The avian CoVs, such as turkey CoV and infectious bronchitis viruses (IBV), have been classified in group 3, with IBV the most extensively studied. Recently, Winter and colleagues suggested that sialic acids are responsible for IBV strain Massachusetts 41 entry. However, group 3 CoVs lack HE as a key viral protein regulating sialic acid binding, and the use of sialic acid would not explain the dependence on chicken cells for infection. Therefore IBV is unlikely to use sialic acids as a functional entry receptor, but rather as a non-specific attachment factor. Heparan sulfate may also serve as an attachment factor for the IBV strain Beaudette (IBV_Bdtt). IBV_Bdtt is a highly chicken embryo-adapted strain, which has an extensive tropism in cell culture and efficiently infects various cell types, including BHK-21 cells. In contrast, clinical isolates and field strains of IBV typically only infect chicken cells.
In the effort to identify the receptor for group 3 CoVs, feline APN (fAPN) was reported to allow entry of the IBV strain Arkansas 99 (IBV_Ark99). This could therefore be the first indication of a more universal receptor for the CoV family. APN belongs to a family of metalloproteases. It is a type II membrane-bound glycoprotein, and it is expressed on a variety of cell types, including granulocytes, monocytes, and fibroblasts. APN can also be found on the synaptic membranes of the central nervous system neurons, and on epithelial cells in the proximal convoluted tubules, intestinal brush border, and respiratory tract. For coronaviruses in general, there is a cross-species restriction that permits cells of a certain species to be infected only by its own complimentary CoV. However, several studies on FIPV and HCoV-229E, CCV and TGEV have identified fAPN as a universal entry receptor for group 1 coronaviruses. The demonstration that fAPN can allow infection by the IBV strain Ark_99 prompted us to examine both prototype and field isolates of IBV and test them for the potential use of fAPN as a receptor.
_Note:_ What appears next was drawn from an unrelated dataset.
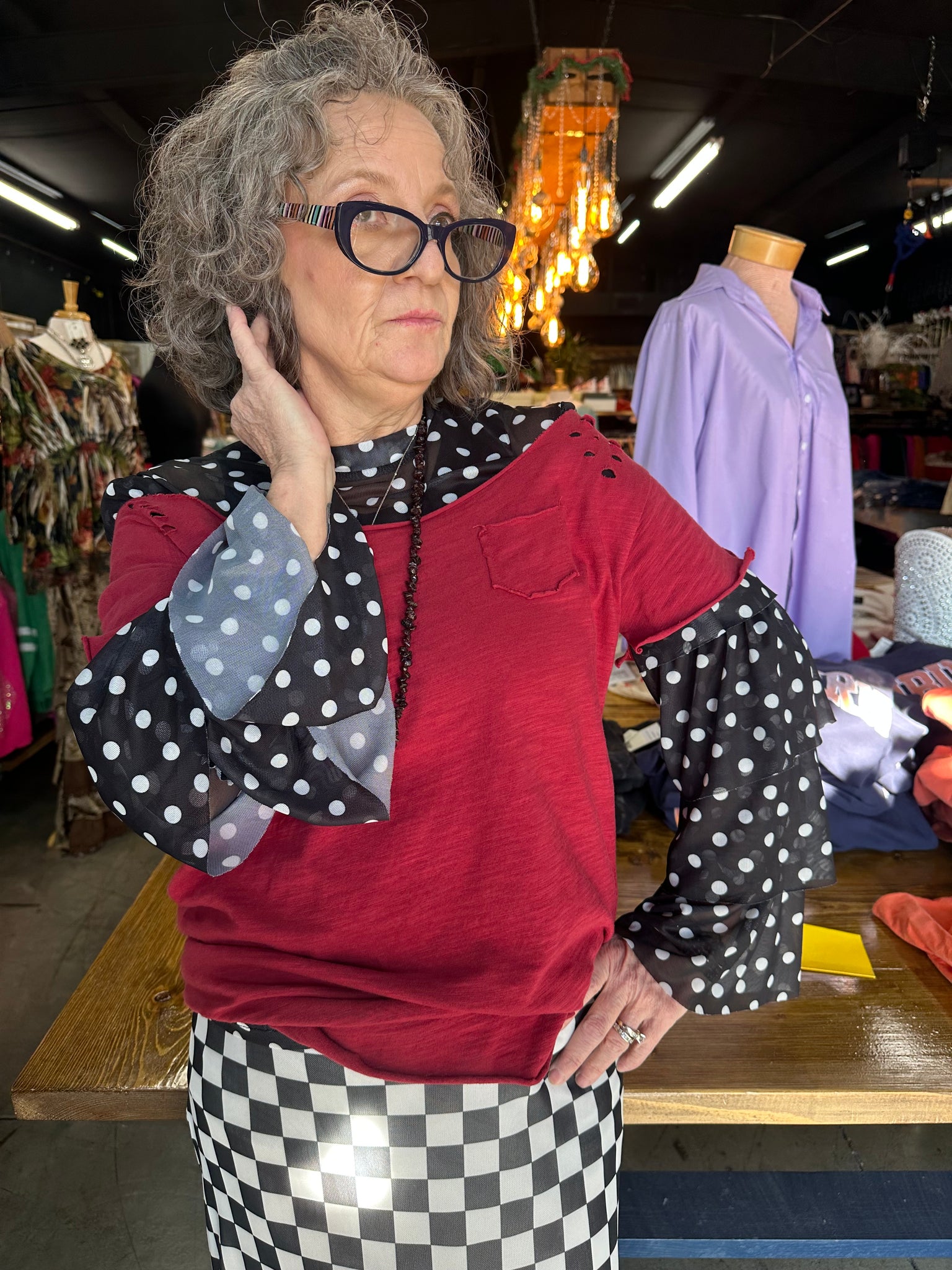 Playful dots dance across sheer mesh on this charming ruffle top from Turquoise Haven. The black-and-white pattern brings a fun, graphic edge while delicate ruffles add movement and dimension. Perfect for layering or wearing solo, this piece brings whimsy and texture to any outfit.

In this study, we first verified the use of the expressed fAPN as a receptor for FIPV and TGEV by transient and constitutive expression of fAPN in non-permissive BHK-21 cells. We also cultured seven strains of IBV, including Arkansas 99, Arkansas_DPI, California 99, Connecticut 46, Holland 52, Iowa 97, and Massachusetts 41 (designated as Ark99, Ark_DPI, CA99, Conn46, H52, Iowa97, and Mass41) as candidates to test for fAPN utilization by group 3 avian CoVs. Surprisingly, expression of fAPN did not increase viral infection in any of the strains tested. As a consequence, we conclude that fAPN is not a functional receptor during IBV entry. The authentic receptor is still under investigation.